Domingo, 17 de abril de 2011

Arduo día para “Horridoauto” ya que decidimos ir a Cerro Perales siguiendo el camino que lleva a la antena que hay en la cima (1.100 metros); pero sólo pudimos llegar hasta los 500 metros de altitud y desde allí comenzar la caminata.
Durante el asceso fuimos notando las diferentes formas que crecen a medida que se gana altura. Primero Copiapoa cinerea ssp. cinerea, desde la base hasta los 700 metros domina el ambiente formándo grandes cojines que tienen una fuerte espinación, especialmente en las laderas que enfrentan el constante viento que proviene desde el oceáno Pacífico.
También crecen Eulychnia taltalensis, Echinopsis (Trichocereus) deserticola y Eriosyce taltalensis.

Entre los 700 y 800 metros se pueden encontrar los primeros individuos que tienen una lanosidad apical de color naranjo, las que corresponden a Copiapoa cinerea ssp. haseltoniana. A mayor altura casi la totalidad de las plantas son ssp. haseltoniana; algunas de las cuales tienen extremadas diferencias: unas casi sin espinas y otras con espinas oscuras muy fuertes, las que antiguamente Ritter llamó Copiapoa tenebrosa.
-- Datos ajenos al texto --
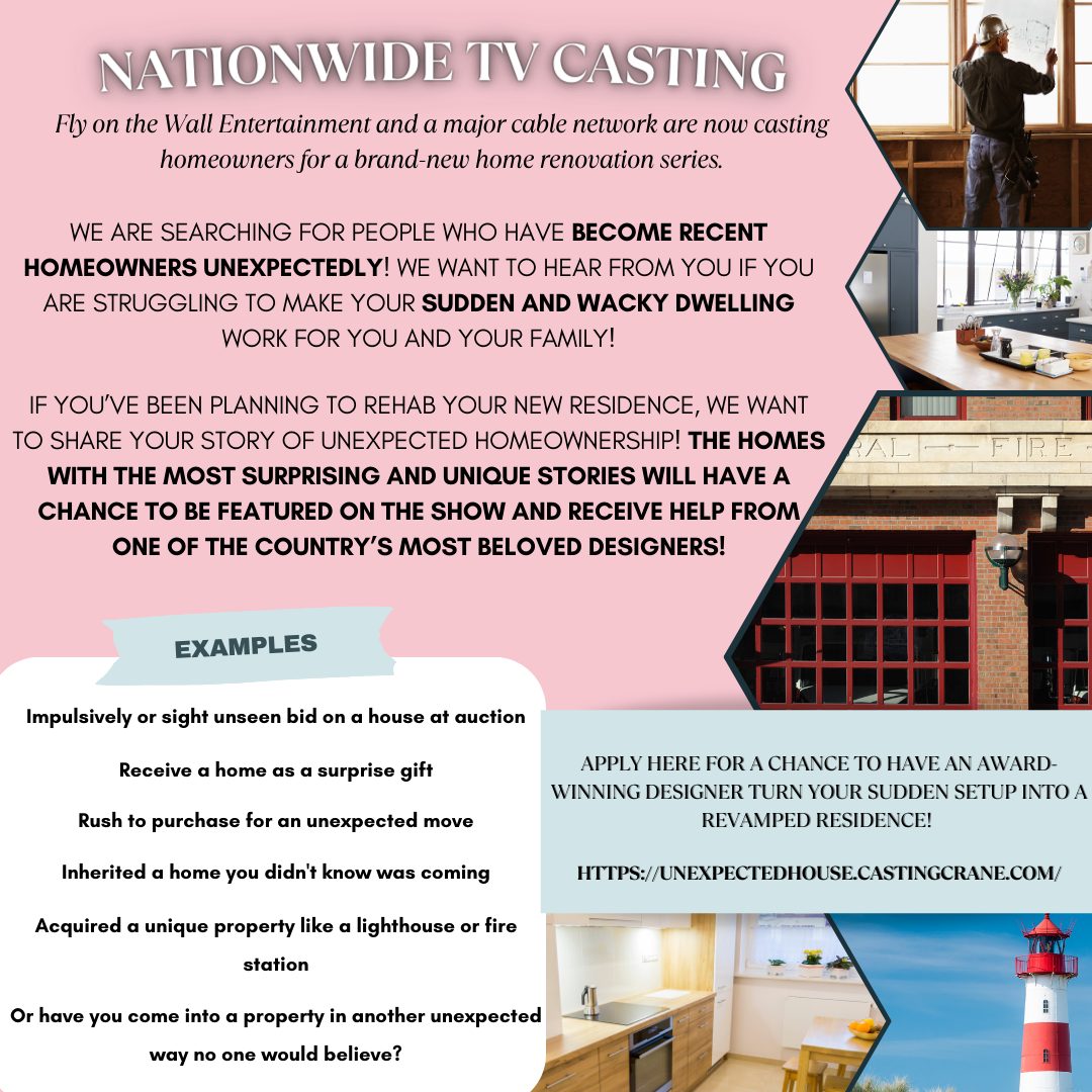 Fly on the Wall Entertainment and a major cable network are now casting homeowners for a brand-new home renovation series.

Finalmente la caminata se volvió muy extrema y ya comenzaba a oscurecer, por lo que no llegamos a la cima. De todas formas disfrutamos de un rico momento recargando energías para comenzar el descenso. Al retornar, golpeamos muy fuerte el fondo de “Horridoauto” y comenzó un ruido algo extraño en la tracción… Lo que nos hizo despedimos de Taltal y decidir retornar hacia el Sur, conduciendo hasta llegar a una despejada zona del Desierto de Atacama, al sur de Cifuncho. Luego terminamos en las cercanias de Guanillos, acampando y disfrutando de una silenciosa noche, siempre rodeados de Copiapoas y bajo una maravillosa Luna llena.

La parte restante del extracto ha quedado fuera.